Там, далеко – странный огромный мир. Люди – идут, спешат, говорят впивают мысли друг друга. Люди!

Сердце бьется в холодные стены, задыхаясь, как воздуха ищет их… Люди!

Тихо. Пустой гроб внизу. Немые стены кругом. Чуть слышно колокола звонят – плачут: уже утро.

Длинными, бледными лучами ухватился рассвет за решетку, повис мелкой сеткой дождя над тюремным двором.

– Там ходят теперь. К ним, к ним!

* * *

Там внизу – их шестнадцать. Запертых в шестнадцати клетках.

Налегли сверху мокрые, тяжелые тени – от каменных стен. Ни звука, ни слова. Тихо – будто нет там живых людей.

Невнятным пятном мелькнет лицо, и на нем две черных точки – глаза. Мелькнет – исчезнет.

Взад и вперед мечутся. Взад и вперед. Кружат, как дикие звери, все быстрее бегут. Некуда – взад и вперед…

Уже нет больше сил ходить и биться мыслью о стены, о дверь, о решетку – они стоят, прислонившись к забору, и вверх смотрят.

Маленький, четырехугольный клочок неба бросили им: не смогли закрыть. Облака хмуро смотрят вниз и плывут мимо. Уходят за стены – туда, где и они, пойманные, жили когда-то.

И задремавшая в забытьи жажда жизни просыпается, и рвет оковы и связи, и бьется, обливаясь кровью.

Чу! Бледные пятна в окнах – вон, вон! Там – товарищи.
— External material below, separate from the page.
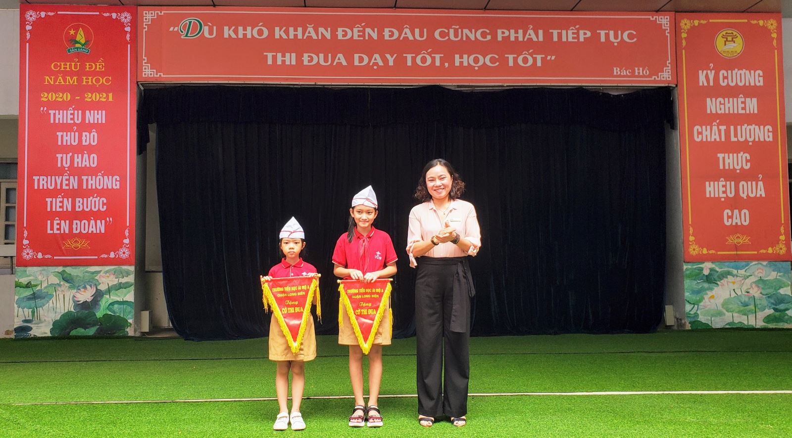 Cô Nguyễn Thị Bích Huyền trao cờ thi đua cho hai lớp 2C và 4D

Слышите? Рвутся к ним и протягивают руки – зовут их… И не могут отозваться они и выкрикнуть все, отчего задыхаются, и хочется кричать и биться головой о стены.

Остановились. Жадным взором цепляются за решетки, и ищут за ними человека, и бьются в темные стекла…

Недвижное, безмолвное смотрит вниз небо.

* * *

Вдруг оборвались все мысли. И все кругом умерло: одна пустота – и в ней падают звуки, острые, сверкающие.

– Тук-тук! Тук-тук-тук!

Снизу… Там – живой, внизу!

У трубы уже. Забилось сердце, как безумное, и рвется навстречу. Нет дыхания. Нет дыхания. Тихо. Пар шумит в трубе.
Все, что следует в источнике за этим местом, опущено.